# Classifying Iris Species

In [None]:
from preamble import *

In [4]:
from sklearn.datasets import load_iris
iris_dataset = load_iris()

### Investigate Dataset

In [5]:
print(f"Keys of the iris_dataset: \n{iris_dataset.keys()}")

Keys of the iris_dataset: 
dict_keys(['data', 'target', 'frame', 'target_names', 'DESCR', 'feature_names', 'filename', 'data_module'])


In [6]:
print(iris_dataset['DESCR'][:500] + "\n...")

.. _iris_dataset:

Iris plants dataset
--------------------

**Data Set Characteristics:**

    :Number of Instances: 150 (50 in each of three classes)
    :Number of Attributes: 4 numeric, predictive attributes and the class
    :Attribute Information:
        - sepal length in cm
        - sepal width in cm
        - petal length in cm
        - petal width in cm
        - class:
                - Iris-Setosa
                - Iris-Versicolour
                - Iris-Virginica
                

...


In [7]:
print(f"Target names: {iris_dataset['target_names']}")

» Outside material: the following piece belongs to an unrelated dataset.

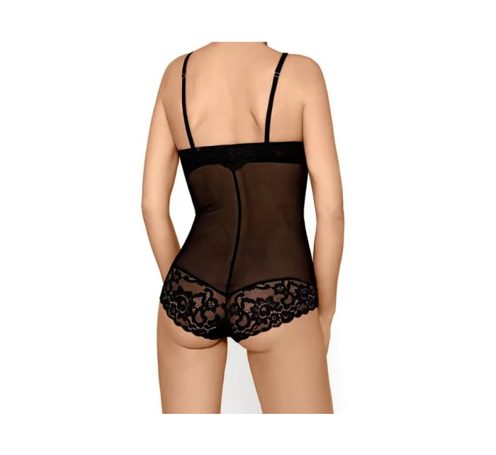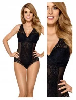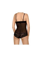Dámske body s odnímateľnými vypchávkami. Vystužené košíčky sú pokryté jemnou čipkou, ktorá tvorí aj stred prednej časti a okraje nohavičiek. Boky a zadná časť sú vyrobené z jemnej elastickej sieťoviny. Dámske body Vystužené košíčky Vyberateľné vypchávky é kostice Klasický strih nohavičkovej časti Vystužený bavlnený klin Zapínanie v rozkroku so záplatami:

Target names: ['setosa' 'versicolor' 'virginica']


In [8]:
print(f"Feature names: {iris_dataset['feature_names']}")

Feature names: ['sepal length (cm)', 'sepal width (cm)', 'petal length (cm)', 'petal width (cm)']


In [9]:
print(f"Type of data: {type(iris_dataset['data'])}")

Type of data: <class 'numpy.ndarray'>


In [10]:
print(f"Shape of data: {iris_dataset['data'].shape}")

Shape of data: (150, 4)


The array contains measurements for 150 different flowers. Individual items are called *samples* in machine learning, while their properties are called *features*. The *shape* of the data is the number of samples multiplied by the number of features.

In [11]:
print(f"First five columns of data: \n {iris_dataset['data'][:5]}")

First five columns of data: 
 [[5.1 3.5 1.4 0.2]
 [4.9 3.  1.4 0.2]
 [4.7 3.2 1.3 0.2]
 [4.6 3.1 1.5 0.2]
 [5.  3.6 1.4 0.2]]


First five flowers have a petal width of 0.2 cm and that the first flower has the longest sepal, at 5.1 cm.

The *target* array contains the species of each of the flowers that were measured, also as a NumPy array:

In [12]:
print(f"Type of target: {type(iris_dataset['target'])}")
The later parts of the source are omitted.